Великий и самобытный, национально русский реализм. Да, реализм. Ибо
писать натуралистически мистические реальности – не реализм, а пародия.
Ибо механически вгонять в прокрустово ложе чужих музыкальных форм
своеобычную национальную мелодию – не реализм, а семинарские хрии на
заданную тему. Получится или полнейшее уродство (как вся наша церковная
музыка XVIII–ХIX вв.), или талантливое эпигонство, более или менее
удачное повторение чужого. И не будем судить тех, кто предпочитает оригиналы:
Несчастные! должны ль упреки несть ... За то, что смели предпочесть Оригиналы спискам? |
То же в литературе. Слишком много элементов Запада хотели мы переварить в течение коротких двух столетий. В результате – у литературы русской – несварение желудка. Русская литературная культура не состоялась именно благодаря своей неорганичности и торопыжеству. У нас немало гениев, гениев первостатейных, но литературы, как традиции, не состоялось. Вслед за гениями и огромными дарованиями у нас – провал в ничто, в Боборыкиных и похуже. Средне приличного, литературно-грамотного – нет вовсе. Начало это средне приличное образовываться – за счет, правда, катастрофического понижения гениальности отдельных литературных вершин – лишь в первые десятилетия нашего века, но революция разгромила и уничтожила ростки литературной культуры, как социального явления.

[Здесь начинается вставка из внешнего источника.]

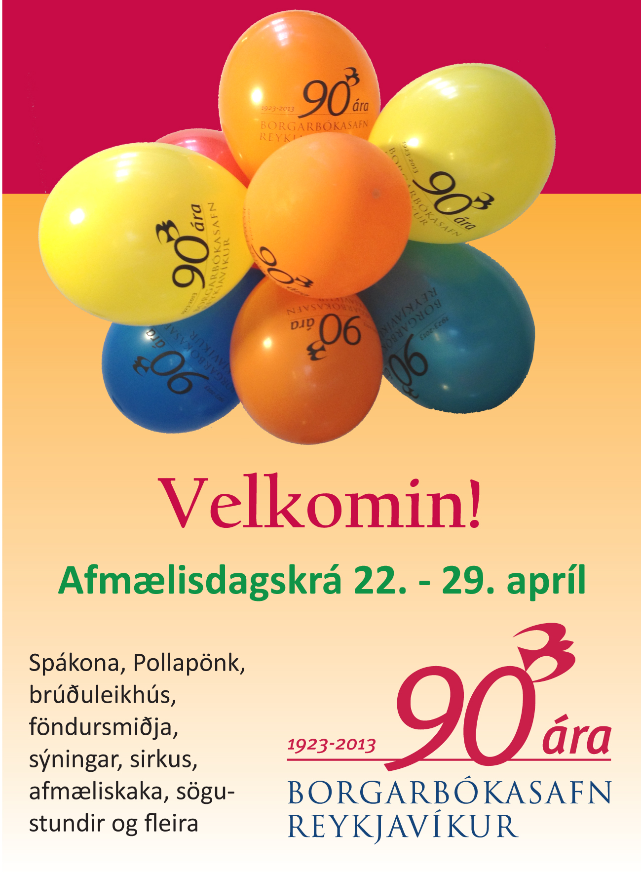 Sumardagskrá á Borgarbókasafninu 25.4.2013 Færðu inn athugasemd Sumri verður fagnað á Borgarbókasafninu með skemmtilegri dagskrá fyrir alla fjölskylduna. Sjá hér. Deila: Click to share on X(Opnast í nýjum glugga) X Click to share on Facebook(Opnast í nýjum glugga) Facebook Líka við Hleð... Tengt efni Viðburðir

А может быть, и не могла не разгромить: станового хребта у этой культуры не образовалось: слишком была она неорганической. И мало национальной, мало почвенной, мало самобытной. Оставались в силе страстные сомнения Достоевского: «Господи, да какие же мы русские?.. Действительно ли мы русские в самом деле? Почему Европа имеет на нас, кто бы мы ни были, такое сильное, волшебное, призывное впечатление? То есть, я не про тех русских теперь говорю, которые там остались, ну вот про тех простых русских, которым имя пятьдесят миллионов, которых мы, сто тысяч человек, до сих пор пресерьезно за никого считаем и над которыми глубокие сатиристические журналы наши до сих пор смеются за то, что они бород не бреют. Нет, я про нашу привилегированную и патентованную кучку теперь говорю. Ведь все, решительно почти все, что есть в нас развития, науки, искусства, гражданственности, человечности, все, все ведь оттуда, из той же страны святых чудес! Ведь вся наша жизнь по европейским складам еще с самого первого детства сложилась. Неужели же кто-нибудь из нас мог устоять против этого влияния, призыва, давления? как еще не переродились мы окончательно в европейцев? Что мы не переродились – с этим, я думаю, все согласятся, одни с радостью, другие, разумеется, со злобою на то, что мы не доросли до перерождения... Ведь не няньки же и мамки наши сберегли нас от перерождения. Ведь грустно и смешно в самом деле подумать, что не было б Арины Родионовны, няньки Пушкина, так, может быть, и не было б у нас Пушкина. Ведь это вздор! Неужели же не вздор? А что если в самом деле не вздор?»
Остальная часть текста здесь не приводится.